— GIVEN DATA —

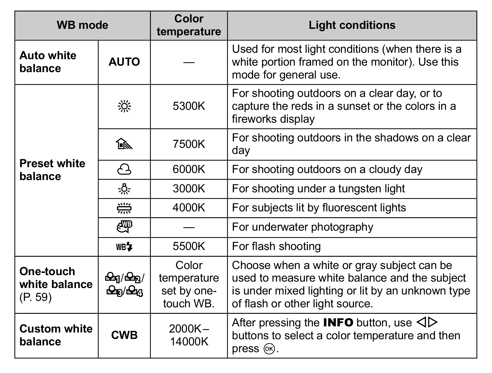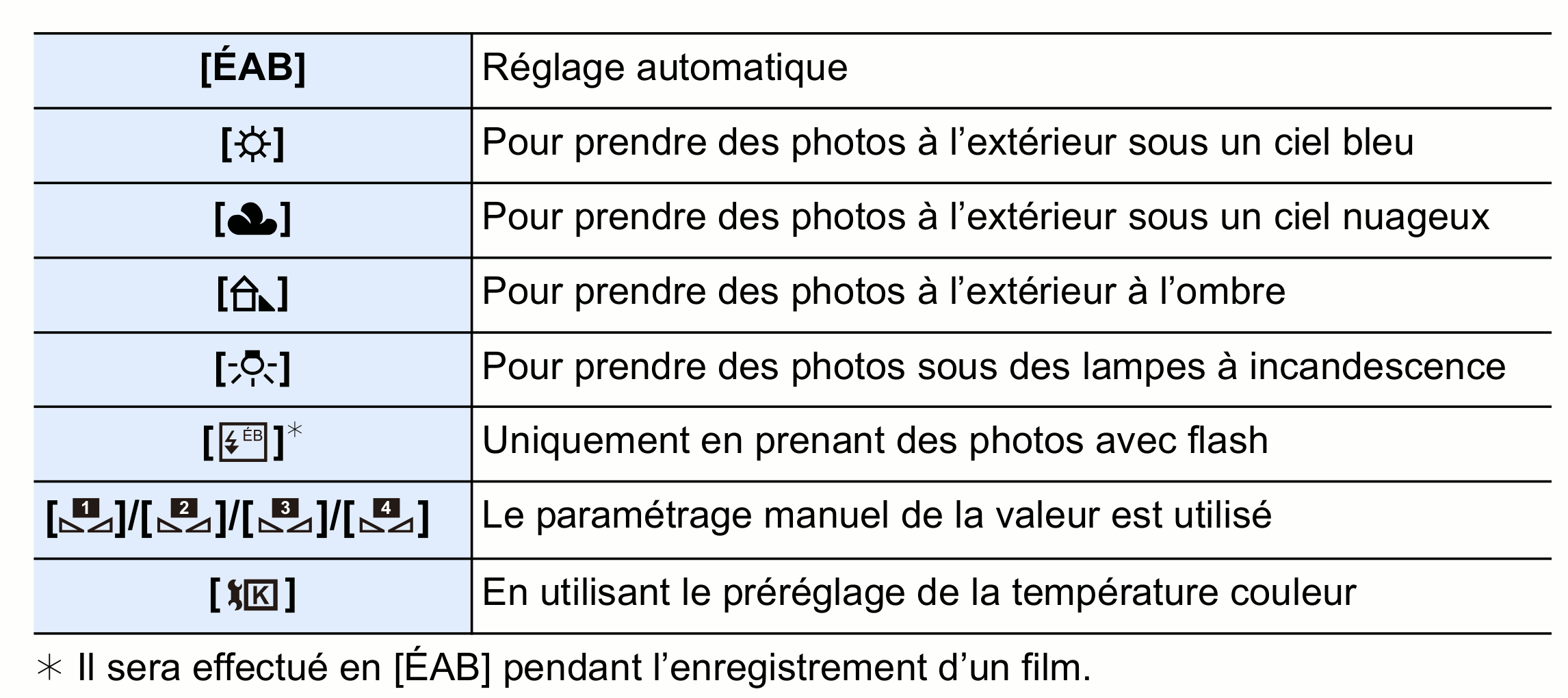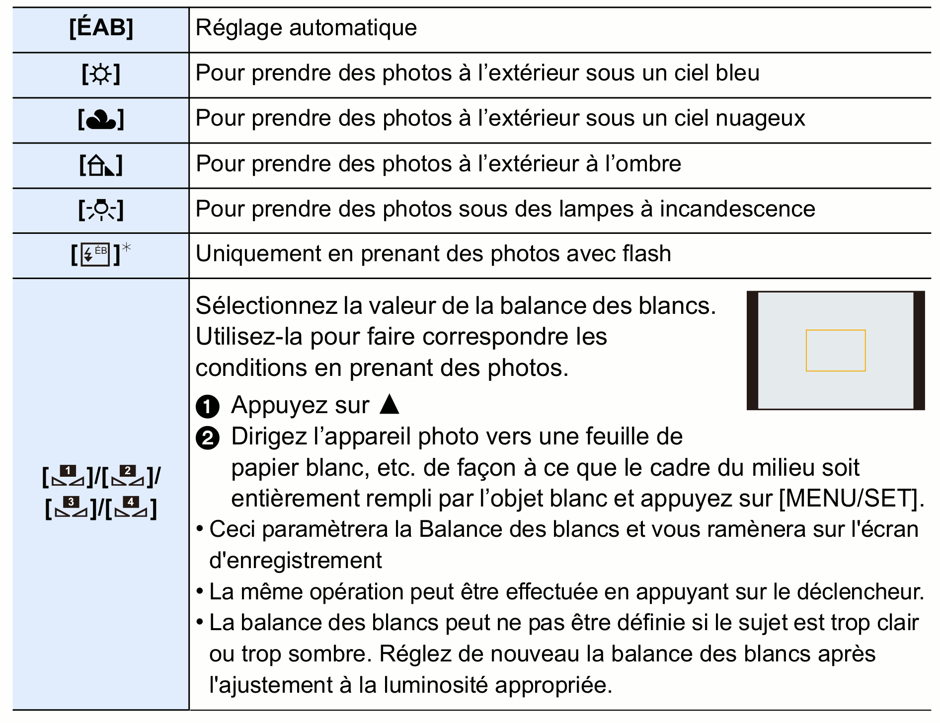 Remarques « personnelles » si vous utilisez la balance des blancs manuelle:
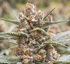 - A heavy coating of trichomes, making the buds incredibly sticky and potent.
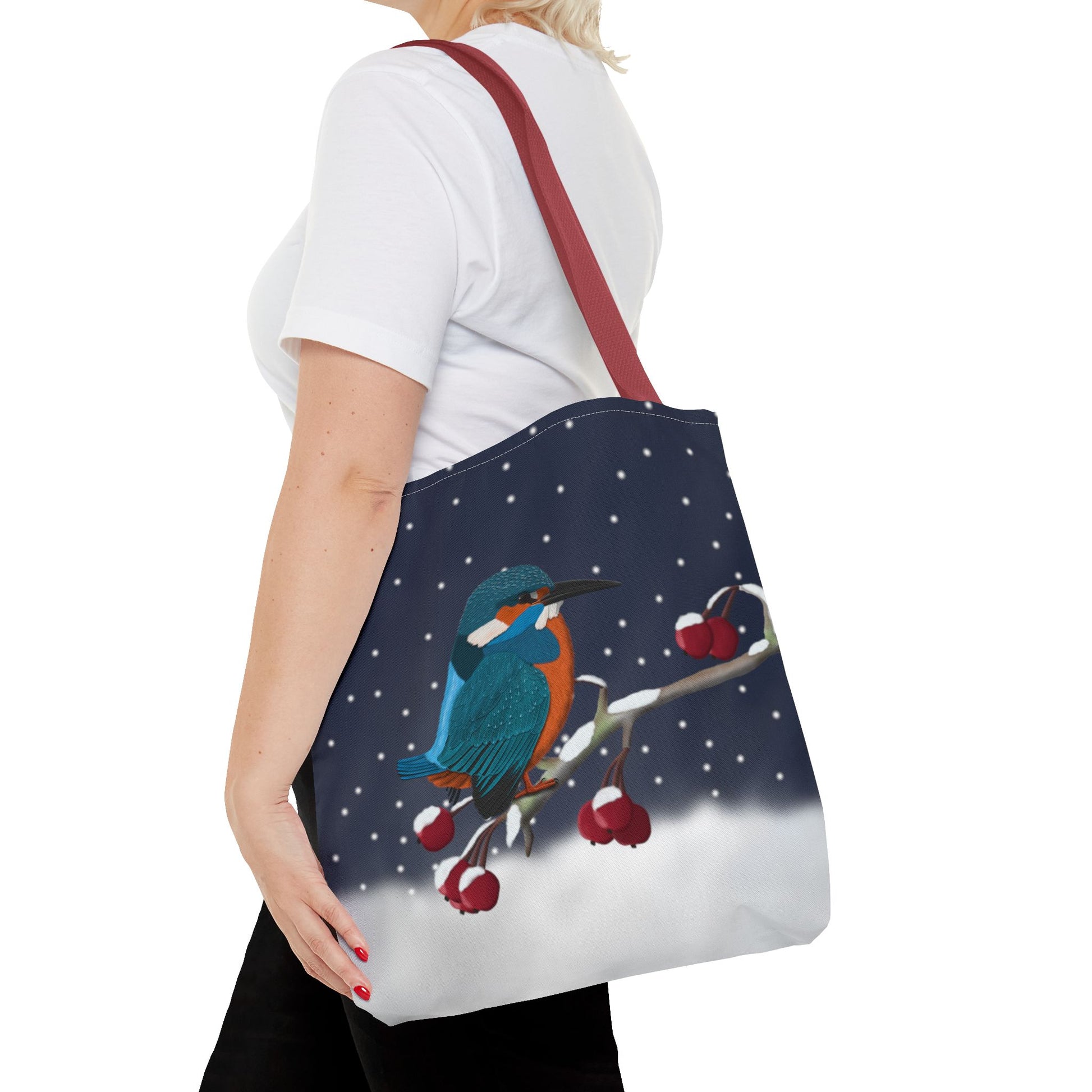 Experience the joy of birdwatching with our Kingfisher on a Winter Branch Christmas Bird Tote Bag! Measuring 16"x16", this stylish bag features a vibrant Christmas design and is perfect for carrying all your birdwatching essentials. Whether you're a seasoned birder or just starting out, this bag is a must-have for all bird enthusiasts.

— TASK STATEMENT —
Without the images, print all of the lines above exactly.

— EXERCISE RESULT —
 Remarques « personnelles » si vous utilisez la balance des blancs manuelle:
 - A heavy coating of trichomes, making the buds incredibly sticky and potent.
 Experience the joy of birdwatching with our Kingfisher on a Winter Branch Christmas Bird Tote Bag! Measuring 16"x16", this stylish bag features a vibrant Christmas design and is perfect for carrying all your birdwatching essentials. Whether you're a seasoned birder or just starting out, this bag is a must-have for all bird enthusiasts.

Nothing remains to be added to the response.